Esope in a few words

ESOPE gathers researchers of severals countries (France, India, Brazal, Mexico, Morroco, China), who priotirize three types of questioning in their works :

Area 1: Consistency of the notion of “emergence”

The consistency of the category must be questioned while term “emerging economy” is increasingly substituted for “developing economies” even in the political speeches of some of the poorest African countries. The notion of “emergence” has no counterpart in English language and the emerging process has no clear definition contrary to the development one.

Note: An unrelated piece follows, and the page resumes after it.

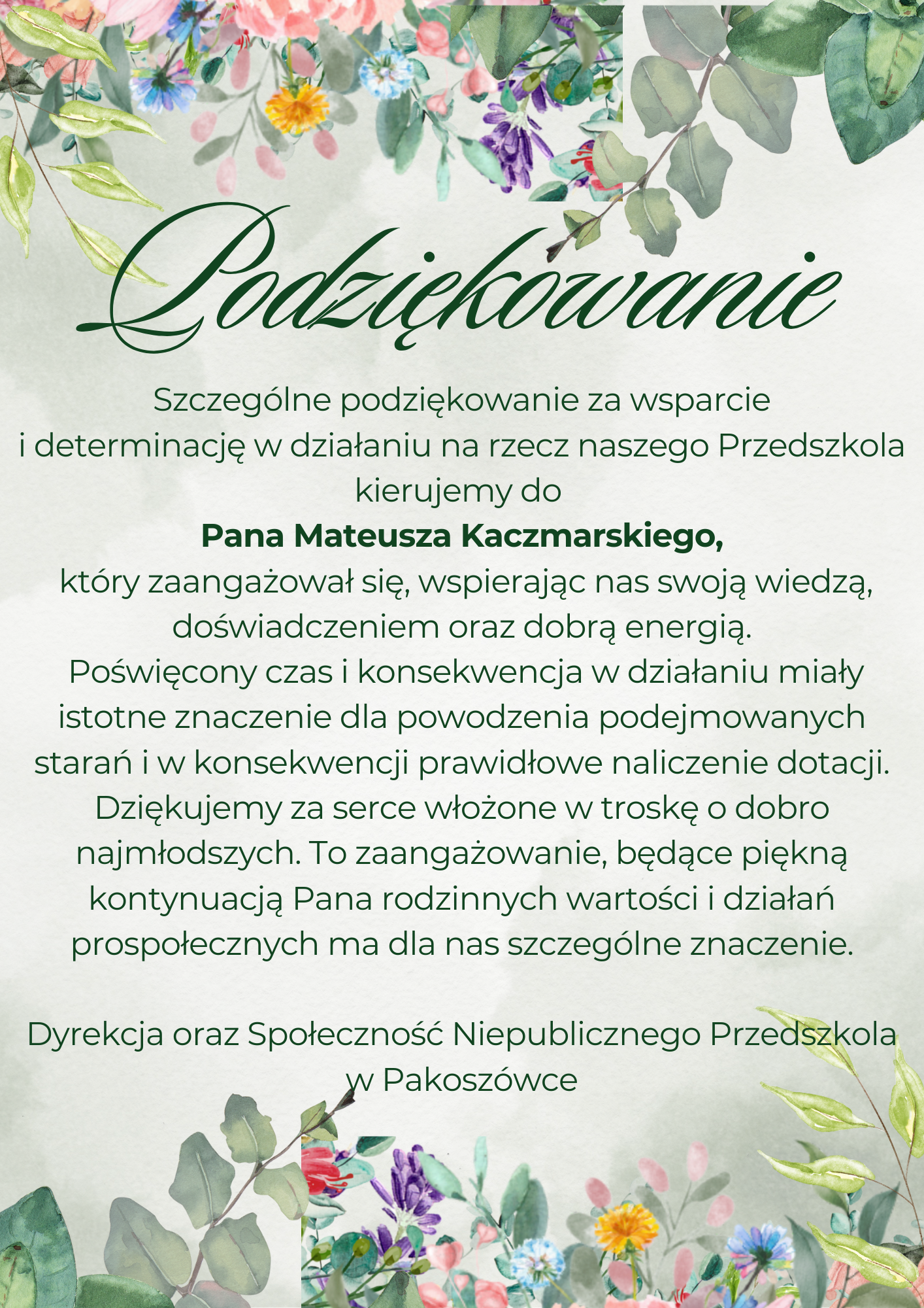 w imieniu całej społeczności przedszkolnej pragnę wyrazić szczere podziękowanie wszystkim, którzy w ostatnim czasie zaangażowali się w działania na rzecz Niepublicznego Przedszkola w Pakoszówce, prowadzące do podniesienia wysokości dotacji. Decyzja o zwiększeniu dofinansowania ma ogromne znaczenie dla naszego Przedszkola oraz dla możliwości tworzenia jak najlepszych warunków edukacyjnych, wychowawczych i opiekuńczych naszych dzieci. Dzięki temu możemy planować dalszy rozwój, inwestować w jakość zajęć, zaplecze dydaktyczne oraz bezpieczeństwo i komfort najmłodszych.

  • What is emergence and what is new with it?
  • Does it shed light on the huge mutations experienced by a series of Asian and Latin American countries during the last two decades (liberalization, financial development and openness, extensive institution building, technological capacity building by imitation and innovation, openness to international trade and integration in global supply chains, increasing vulnerability and instability)?

Area 2: Model or trajectories?

  • Are there emerging trajectories or is there a model of emerging economies?
  • What drives emerging economies?
  • Is it only a growth acceleration spurred by domestic expenses or by foreign trade or do these economies transform growth in output into socio-economic development through institutional transformations?
  • Can we identify new forms of development or is the history repeating at a different pace although? What is the best scale to assess emerging paths?
  • How can we model the dynamics of institutional patterns and evaluate their efficiency and their limits?

Area 3: Contradictions and challenges

The speed of actual mutations and the absence of a shared definition of Emerging generate new questions.

  • Are there threshold or reversal effects, is there a specific vulnerability attached to the way countries grow, trade and finance their development?
  • Rapid growth characterizes emerging economies. Is it sustainable as it threats to produce its proper social and environmental limits?
  • Are the threats to local or global different because of the speed of mutations?
  • How can we explain the paradoxes of emerging countries: openness and protection, mutations of the fiscal policies and public actors, weakness of internal consumption expenses but high investment rates, comparative advantages both rooted on progresses (industrial modernization, new rules and institutions …) and on regressions (low paid and low standard work, poor protection of workers and of population, poverty resilience and inequalities, traffics and corruption …)?
  • How can emerging countries modify the international system through bigger influence in global governance (IMF, UNO, WTO, etc)?